Activity -> When you reach the line that contains "Album obejmuje 40" in the data below, start reproducing lines exactly, and stop after the line that contains "Są także fotografie".
+++ Records to use +++
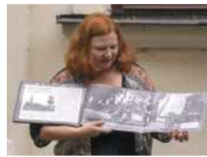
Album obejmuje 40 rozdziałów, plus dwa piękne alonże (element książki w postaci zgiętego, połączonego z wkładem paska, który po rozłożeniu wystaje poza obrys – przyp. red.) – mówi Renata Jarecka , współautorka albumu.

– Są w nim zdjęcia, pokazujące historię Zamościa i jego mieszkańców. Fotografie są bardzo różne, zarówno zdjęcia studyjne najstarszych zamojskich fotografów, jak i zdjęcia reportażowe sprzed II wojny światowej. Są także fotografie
+++
+++ Records to use +++
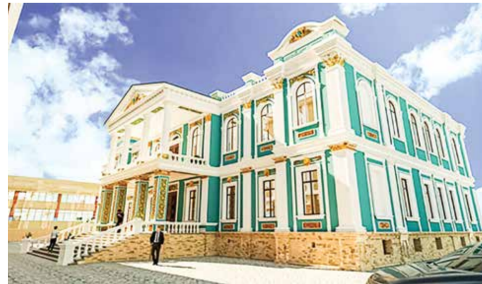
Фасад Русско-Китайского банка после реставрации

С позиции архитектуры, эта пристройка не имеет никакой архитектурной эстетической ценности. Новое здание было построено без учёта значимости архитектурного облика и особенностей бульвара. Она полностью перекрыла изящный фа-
+++
Answer box ->
Album obejmuje 40 rozdziałów, plus dwa piękne alonże (element książki w postaci zgiętego, połączonego z wkładem paska, który po rozłożeniu wystaje poza obrys – przyp. red.) – mówi Renata Jarecka , współautorka albumu.

– Są w nim zdjęcia, pokazujące historię Zamościa i jego mieszkańców. Fotografie są bardzo różne, zarówno zdjęcia studyjne najstarszych zamojskich fotografów, jak i zdjęcia reportażowe sprzed II wojny światowej. Są także fotografie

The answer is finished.